Но все же кое-что я понимал, вернее, ощущал. Например, что он гораздо интеллигентней и образованней, чем я, что за ним груз передуманных мыслей. Глухо (или я понимал глухо?) он говорил о судьбе России, поминал в связи с ней и со своими мыслями Достоевского — так, как до этого я не слышал. Помню, как он вдруг расчувствовался — рассказал, что в Москве иногда под вечер выходил на Красную площадь, проходил мимо Василия Блаженного, Исторического музея, вообще гулял по остаткам старой Москвы, и на душе светлело.
Для меня тогда Красная площадь была связана только с революционными и сталинскими парадами и демонстрациями, с Мавзолеем Ленина (в котором, тем не менее, за свои 67 лет я ни разу не был — даже когда чтил «Ильича»), а такое — естественное — восприятие было в диковинку. Вроде противоречило всем представлениям. Но странно, хоть сталинский поворот к патриотизму меня раздражал, этот — вызывал симпатию. Я знаю, что есть люди, благодарные Сталину за возрождение или реабилитацию русского патриотизма. Это ошибка. Сталин так же подменял патриотизм революционностью. Эта подмененность, неподлинность и отталкивали меня. У Нефедова подмены не было, и я при всей своей дури это чувствовал и испытывал к этому патриотизму по меньшей мере уважение и интерес. Не говоря уже о том, что за этим вставало реальное чувство истории.

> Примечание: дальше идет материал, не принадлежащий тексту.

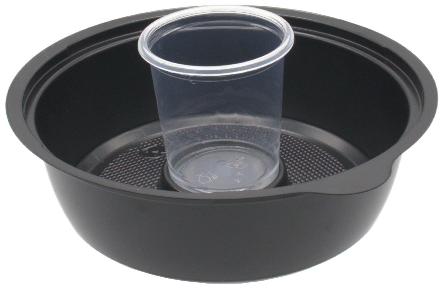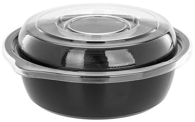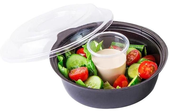Контейнер круглый КД-110 450 мл черный, диаметр 160 мм с соусником 80 мл, изготовлен из черного полистирола. Контейнер комплектуется специальным прозрачным стаканчиком под соус (80 мл) и прекрасно подходит для любых салатов и холодных закусок. Объем 450 мл, диаметр 160 мм, высота 65 мм. Поставляется без крышки, артикул крышки для контейнера 17-0602.

Почему он беседовал так именно со мной? Неужели не видел, что имеет дело с революционным лопухом, который понять его еще никак не может? Видел. Но больше не с кем было. Нет, он нисколько не относился свысока к своим товарищам: ни к их уму, ни к их чувству юмора да и самого языка. Но во мне он, видимо, разглядел наклонность к тому ракурсу рассмотрения проблем, в которой сам нуждался. Разумеется, в потенции разглядел. Остальных этот ракурс — обобщенное рассмотрение проблем — интересовал не очень. Интеллектуальность — это не наличие ума, бывают и глупые интеллектуалы, а стремление понимать характер интереса к истине. Думаю, что некоторую, пусть и неуклюжую, но подлинную потребность понимать он во мне и почувствовал. На безрыбье и я сгодился. Считаю, что мне повезло.

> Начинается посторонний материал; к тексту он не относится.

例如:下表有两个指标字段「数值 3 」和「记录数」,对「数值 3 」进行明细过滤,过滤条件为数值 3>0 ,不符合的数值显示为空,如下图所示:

Я не знаю, почему этот человек связал свою судьбу со станком и лекальной пастой (этой пастой трут хорошо отшлифованную стальную поверхность, чтобы снять последние лишние микроны). Конечно, и тогда встречались начитанные и культурные рабочие (а сейчас по языку часто вообще бывает трудно быстро определить уровень образованности, а тем более социальный статус человека), но это был другой случай. Здесь образованность явно была приобретена раньше рабочей квалификации.
По-видимому, «дядя Миша» был одним из тех, кто должен был в цеху замаливать грех социального происхождения. Почему, подобно многим, он не вырвался из этого состояния потом — не захотел или почему-либо не смог — не знаю. Он мне о себе вообще никогда не рассказывал. Все это я думаю о его судьбе теперь, но, вероятно, чувствовал и тогда, хотя вряд ли додумывал. И хотя выходило, что он человек, пострадавший от революции, а это в моих глазах вроде бы не красило, все равно он мне нравился. Идеология смущенно отступала.
Но дядя Миша хотя бы избегал прямого отрицания моих верований. А ведь был у меня в Симу, пусть не в цеху, но на заводе, товарищ, который все это мое мировоззрение подавлял здравым смыслом и к которому я все же чувствовал только симпатию.